The prototype units are currently under test with some standard units as a benchmark, and the test results should be available from my customer in a couple of weeks. As soon as I have these I will (with their permission) publish them here as a reference, and they will include life cycles, wear rates, and load/demand curves on the 12v electric motors used to power the compressors.

All information is freely provided for anyone to use without paying R&D or royalty costs. ;D ;D

Peter


----------



## Lew Hartswick (Jan 3, 2009)

Peter, Can you give a link or name of a manufacturer that has some detailed info.
on those on the net? If I get around to building an engine it looks like the way to go.
Thanks.
  ...lew...


----------



## Richard Carlstedt (Jan 3, 2009)

One of the reasons for extra drag on O-rings is incorrect groove
configuration. You should NOT make the groove like you would for a ordinary piston ring. 
proper O-ring grooves have 10 degree negative sides.
This means the bottom of the groove is "wider" than the top.
I have to admit, that it is pretty hard to make it that way in the home shop. Also the the ring should have on .010" (.25mm) compression total. do this by measuring the cross-section.
If it is .063 (~1.5mm), then your groove bottom should only be .057 from the cylinderwall to produce the .010 fit.

back to the taper walls.
the reason for the reverse taper, is two-fold.
First, the pressure tries to force the ring to extrude itself between the piston and the wall. now I know they look sturdy, but lots of pressure will squeeze the rubber into the few thousandths clearance. This increases drag and wear at the same time. By having the negative angle, increased pressures actually pull the ring back into the groove, lessening the above effect and keeping drag/wear under control..
If you must use a straight groove side wall, keep your clearances down between the piston diameter and the cylinder wall.
Rich

So the important thing fellows is the cross-section diameter !
As a earlier poster mentioned , some rings vary depending on supplier, but measuring the ring ID and OD is not your answer in many cases
Hope this helps


----------



## Peter Neill (Jan 3, 2009)

Lew, I got these samples from this company in the UK: http://www.claron.co.uk/.

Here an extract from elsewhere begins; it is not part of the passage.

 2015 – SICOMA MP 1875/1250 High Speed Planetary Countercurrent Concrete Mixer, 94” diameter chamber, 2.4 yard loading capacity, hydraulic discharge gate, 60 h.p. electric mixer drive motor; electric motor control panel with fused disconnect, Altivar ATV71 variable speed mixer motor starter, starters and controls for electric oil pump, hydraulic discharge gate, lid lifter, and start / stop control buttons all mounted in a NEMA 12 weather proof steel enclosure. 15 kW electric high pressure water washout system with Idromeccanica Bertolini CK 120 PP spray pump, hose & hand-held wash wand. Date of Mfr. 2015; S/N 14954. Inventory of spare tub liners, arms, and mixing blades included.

I googled for "hydraulic lip seals", found the company and took it from there. After having a chat with their techical sales guy about what I needed for size and conformity, these were recommended. The part number for them is S00261, but I can't find them on the online catalogue.
They do have a very good downloadable PDF file on seal selection and design though.

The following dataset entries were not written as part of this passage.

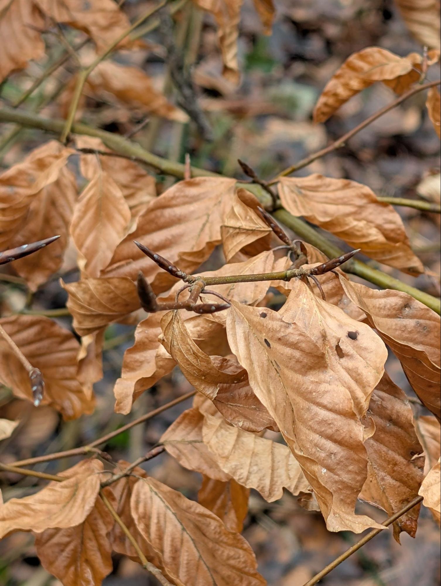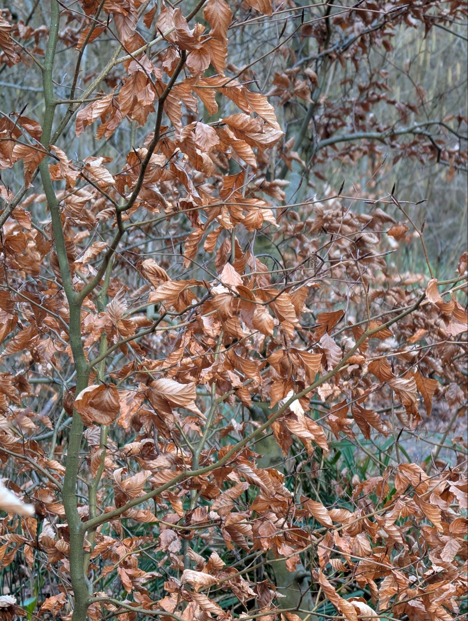 Si vous observez un jeune hêtre en hiver, vous verrez qu’il est encore couvert de feuilles rousses et sèches.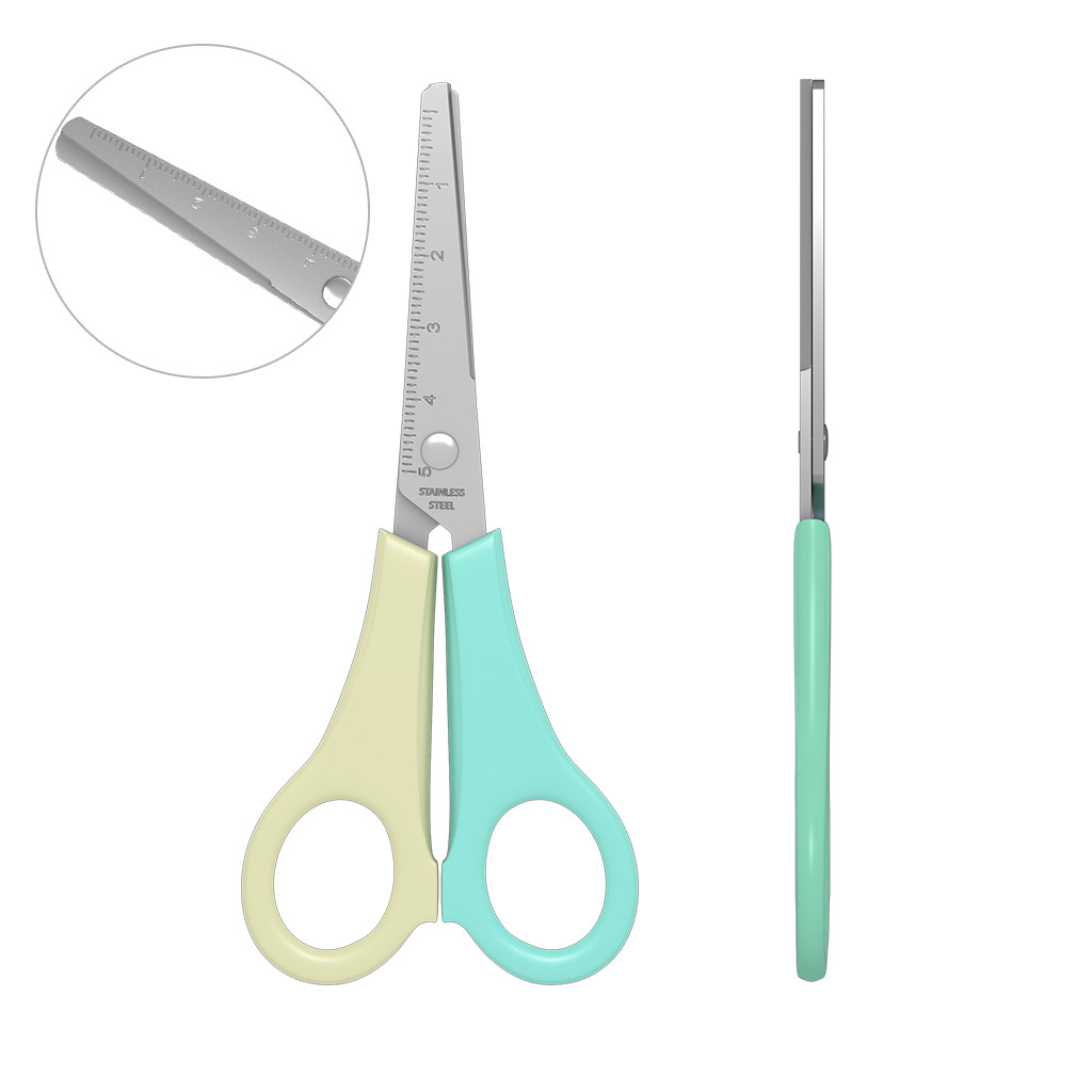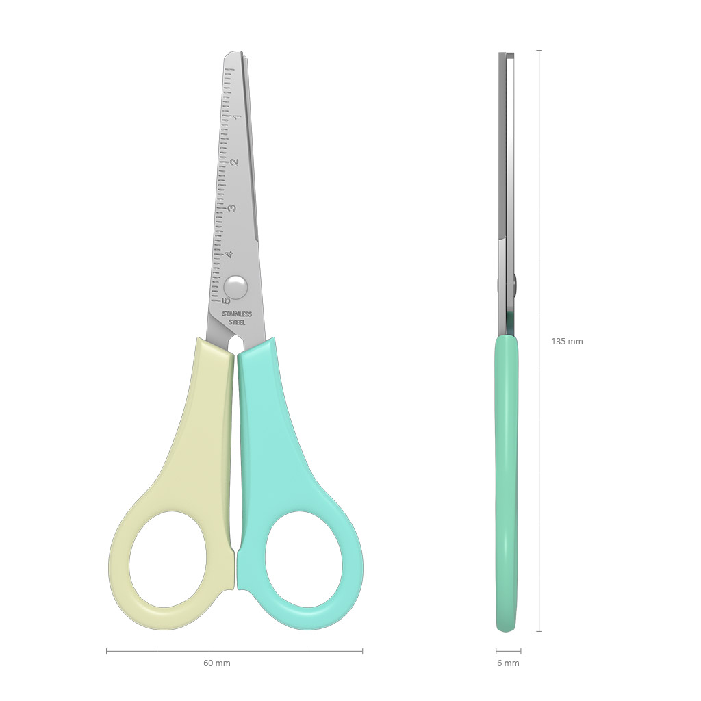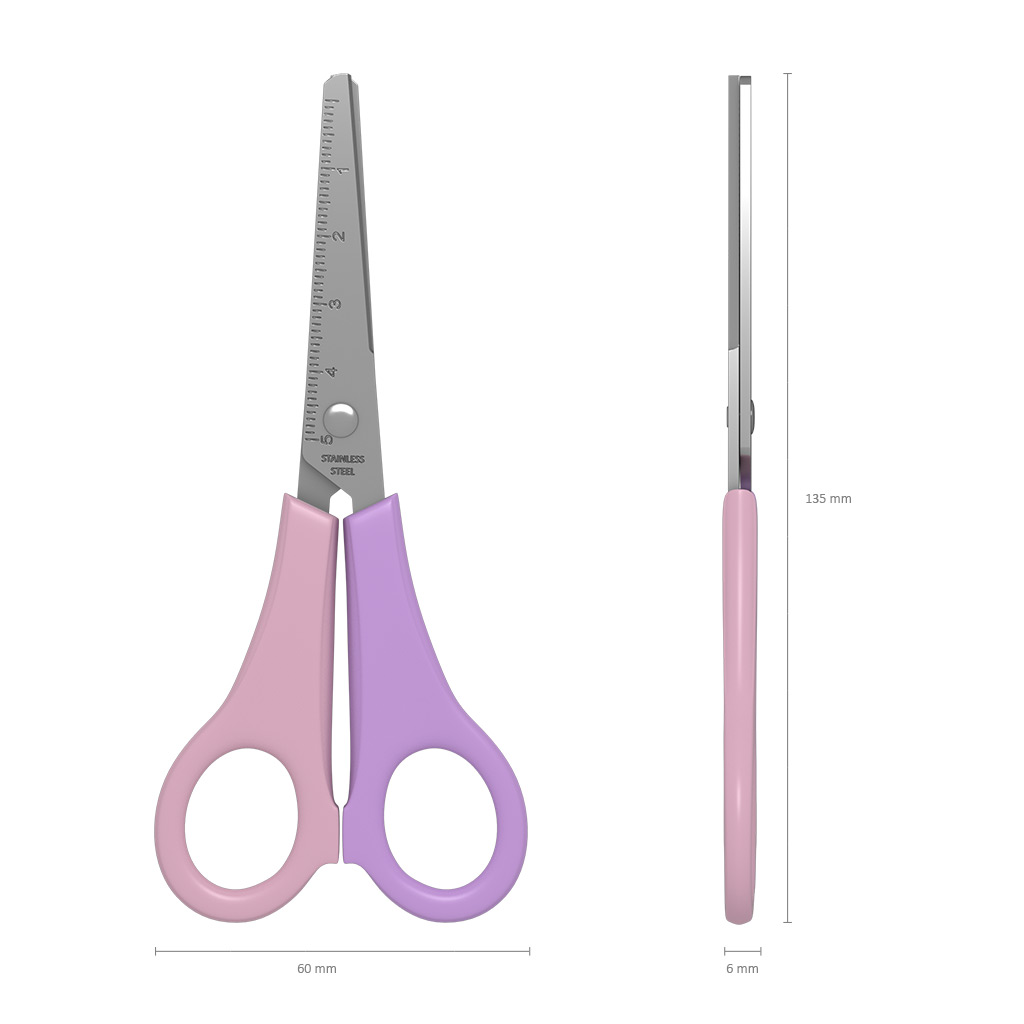Ножницы с лезвиями из высококачественной нержавеющей стали с безопасными закругленными концами лезвий и линейкой, обеспечивающей точность резки. Не ржавеют. Ручки классической формы изготовлены из ударопрочного пластика. Товар поставляется в нескольких вариантах цвета/дизайна без возможности выбора. |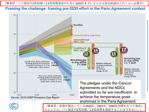 なぜこのような対話が必要なのでしょうか?それは、パリ協定に描かれた未来、つまり、産業革命以降の世界の平均気温上昇を2℃/1.5℃に抑えるということを実現するためには、2020年までの、そして、2020年以降の、世界全体の温暖化対策のレベルを大幅に引き上げていかなければならないからです。これは、今、パリ協定が乗り越えていかなければならない大きな課題です。現在、各国がカンクン合意の下で提出している2020年の排出削減目標、そして、パリ協定に基づき提出を予定している2025年/2030年の温暖化対策の目標がすべて達成されたとしても、2℃目標の達成にはほど遠いことがわかっています(図)。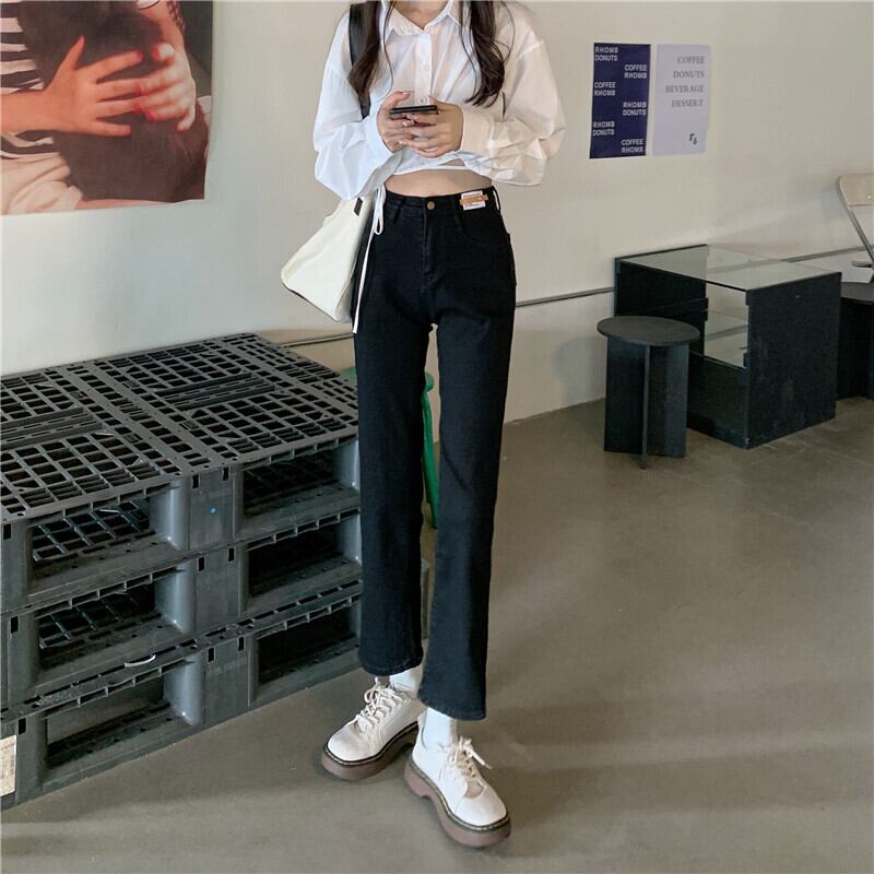 Black slit jeans women's spring and autumn 2022 new high-waisted slimming all-match small straight pipe trousers ブラック スプリング 春物 オータム 秋物 s576190013771761

I would imagine using a similar search on Google.com instead of the Google.co.uk that I use would produce a source somewhat closer to hand over your side of the pond. However I have got a couple of spares, and if you wanted to use this particular size I'd be happy to pop them in the post to you.

Peter


----------



## Peter Neill (Jan 3, 2009)

Richard Carlstedt  said:
			
		

> One of the reasons for extra drag on O-rings is incorrect groove
> configuration. You should NOT make the groove like you would for a ordinary piston ring.
> proper O-ring grooves have 10 degree negative sides.
> This means the bottom of the groove is "wider" than the top.
> ...



Rich, you forgot to mention that 'O' ring grooves also need to be wider than the cross-section of the 'O' ring, so that they have room to squish into, as under pressure they deform from a circular section to more of an ovoid shape. Incidentally, on my prototypes the 'O' ring cross-section was 1.5mm, and the groove width was 1.8mm.

Another member here Chip_Monk (David) provided a a useful link to another downloadable (1.4MB) PDF design guide for O rings here: http://www.jameswalker.biz/docs/jwco/o_rings_full_doc.pdf

Peter


----------



## Brian Rupnow (Jan 3, 2009)

I suppose that it wouldn't be unreasonable to try this method either. By doing it this way, no o-ring groove is necessary in the piston. All of the machining can be done to the cap portion.---Brian


----------



## bentprop (Feb 11, 2009)

Those seals Peter mentions look very much like the type used in automotive brake cylinders.This would mean there are plenty of sources of supply,and relatively cheap.Although I don't recall ever seeing anything smaller than about 5/8th in diameter.


----------